• **ABOUT THIS TASK**:
Write each line of the material exactly as given, from the top through the line that contains "Счетная палата проверит", and omit all pictures.

• **SOURCE MATERIAL**:
===============

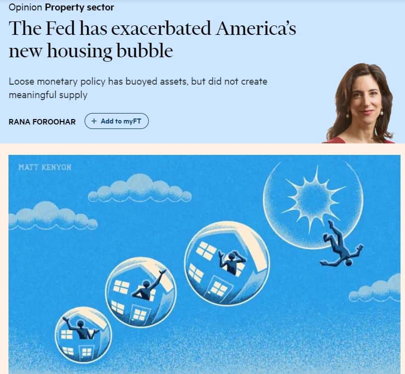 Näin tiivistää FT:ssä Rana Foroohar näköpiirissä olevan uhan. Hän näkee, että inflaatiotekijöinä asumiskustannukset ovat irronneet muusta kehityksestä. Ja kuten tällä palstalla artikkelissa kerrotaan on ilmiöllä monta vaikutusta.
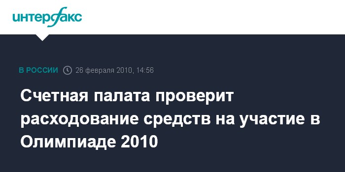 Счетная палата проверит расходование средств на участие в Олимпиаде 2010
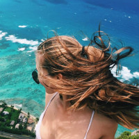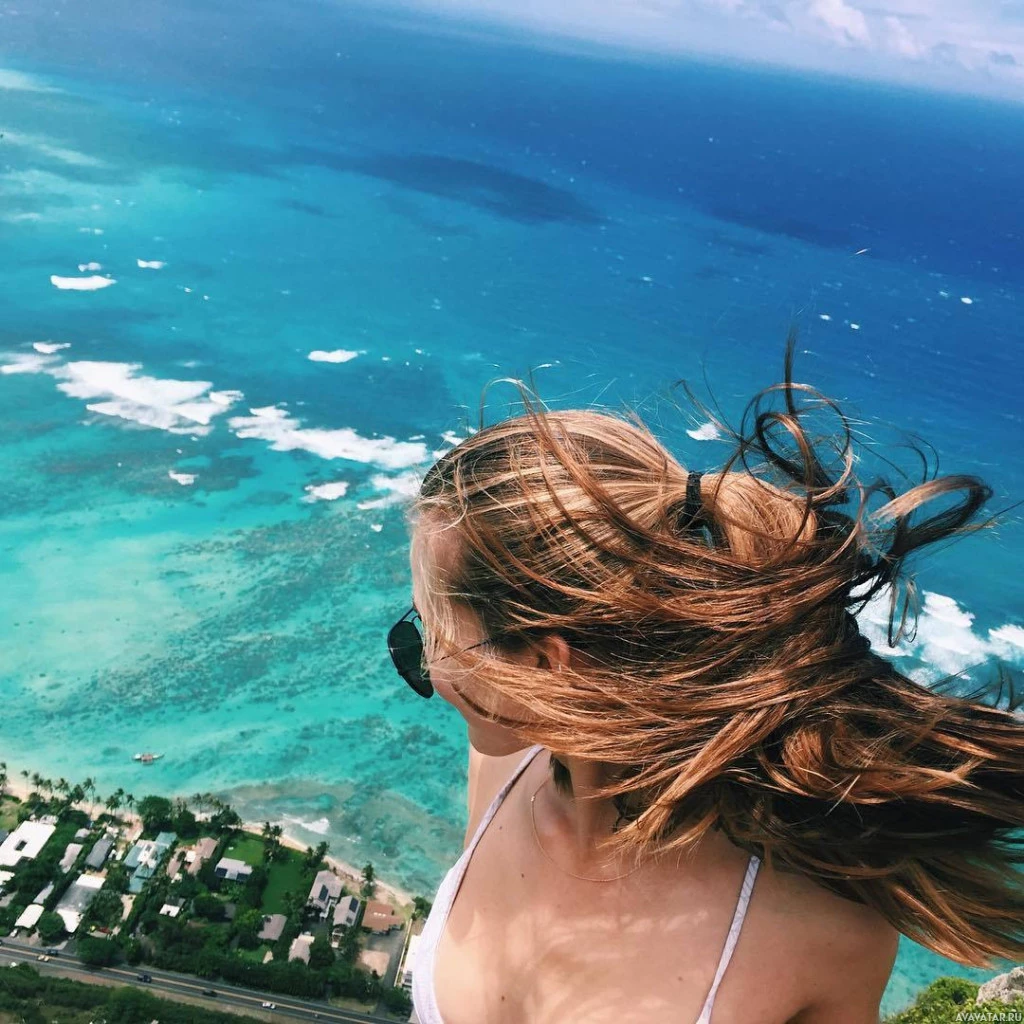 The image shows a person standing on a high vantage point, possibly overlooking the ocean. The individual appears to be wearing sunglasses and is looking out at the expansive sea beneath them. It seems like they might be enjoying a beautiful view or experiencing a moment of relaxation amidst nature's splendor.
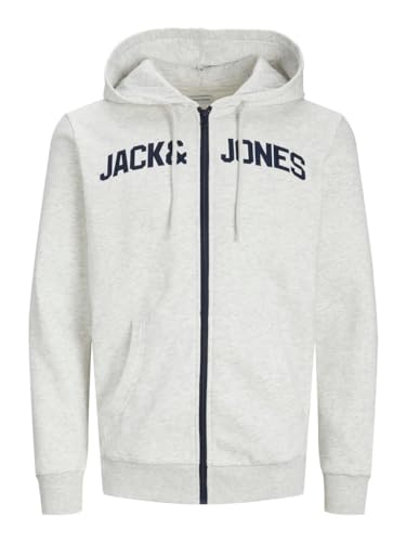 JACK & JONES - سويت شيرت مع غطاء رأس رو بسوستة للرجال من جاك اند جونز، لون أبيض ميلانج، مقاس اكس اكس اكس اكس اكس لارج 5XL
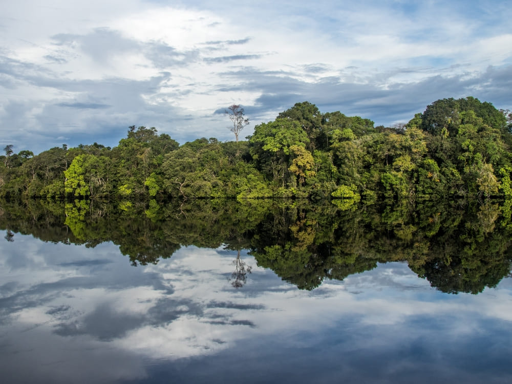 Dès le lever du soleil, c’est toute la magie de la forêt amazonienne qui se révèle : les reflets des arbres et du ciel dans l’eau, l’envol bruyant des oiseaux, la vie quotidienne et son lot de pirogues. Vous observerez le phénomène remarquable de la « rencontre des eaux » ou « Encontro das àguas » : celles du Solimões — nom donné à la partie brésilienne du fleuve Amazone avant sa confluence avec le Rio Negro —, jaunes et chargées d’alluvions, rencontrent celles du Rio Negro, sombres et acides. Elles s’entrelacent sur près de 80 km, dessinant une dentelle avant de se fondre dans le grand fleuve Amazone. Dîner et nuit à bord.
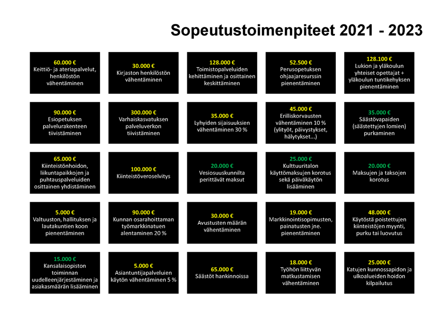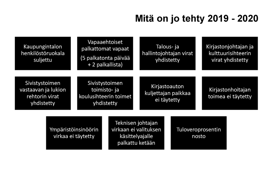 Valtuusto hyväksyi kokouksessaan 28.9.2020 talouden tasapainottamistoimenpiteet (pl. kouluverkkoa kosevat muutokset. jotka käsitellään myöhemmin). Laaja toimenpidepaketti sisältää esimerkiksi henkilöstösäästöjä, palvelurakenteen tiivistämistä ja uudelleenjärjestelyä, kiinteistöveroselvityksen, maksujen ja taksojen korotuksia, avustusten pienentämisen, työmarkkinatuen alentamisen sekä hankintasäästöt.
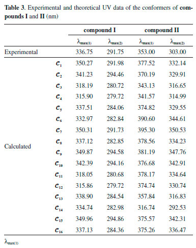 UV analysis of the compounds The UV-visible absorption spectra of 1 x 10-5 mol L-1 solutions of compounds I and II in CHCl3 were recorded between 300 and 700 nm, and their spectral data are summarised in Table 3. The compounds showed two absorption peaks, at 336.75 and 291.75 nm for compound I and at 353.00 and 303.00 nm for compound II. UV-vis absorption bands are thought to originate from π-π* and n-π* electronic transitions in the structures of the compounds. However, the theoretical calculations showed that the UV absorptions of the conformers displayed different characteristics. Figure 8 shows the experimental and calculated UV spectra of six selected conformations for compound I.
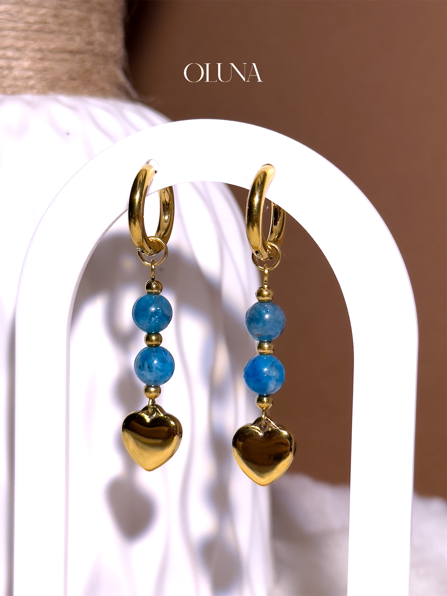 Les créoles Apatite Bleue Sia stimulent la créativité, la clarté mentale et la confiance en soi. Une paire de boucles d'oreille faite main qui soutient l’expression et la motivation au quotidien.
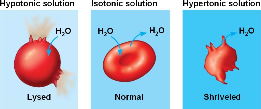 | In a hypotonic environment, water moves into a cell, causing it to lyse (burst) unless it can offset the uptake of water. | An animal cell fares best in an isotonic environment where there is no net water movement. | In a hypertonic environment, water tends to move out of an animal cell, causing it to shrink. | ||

===============

• **ANSWER TO THIS TASK**:
 Näin tiivistää FT:ssä Rana Foroohar näköpiirissä olevan uhan. Hän näkee, että inflaatiotekijöinä asumiskustannukset ovat irronneet muusta kehityksestä. Ja kuten tällä palstalla artikkelissa kerrotaan on ilmiöllä monta vaikutusta.
 Счетная палата проверит расходование средств на участие в Олимпиаде 2010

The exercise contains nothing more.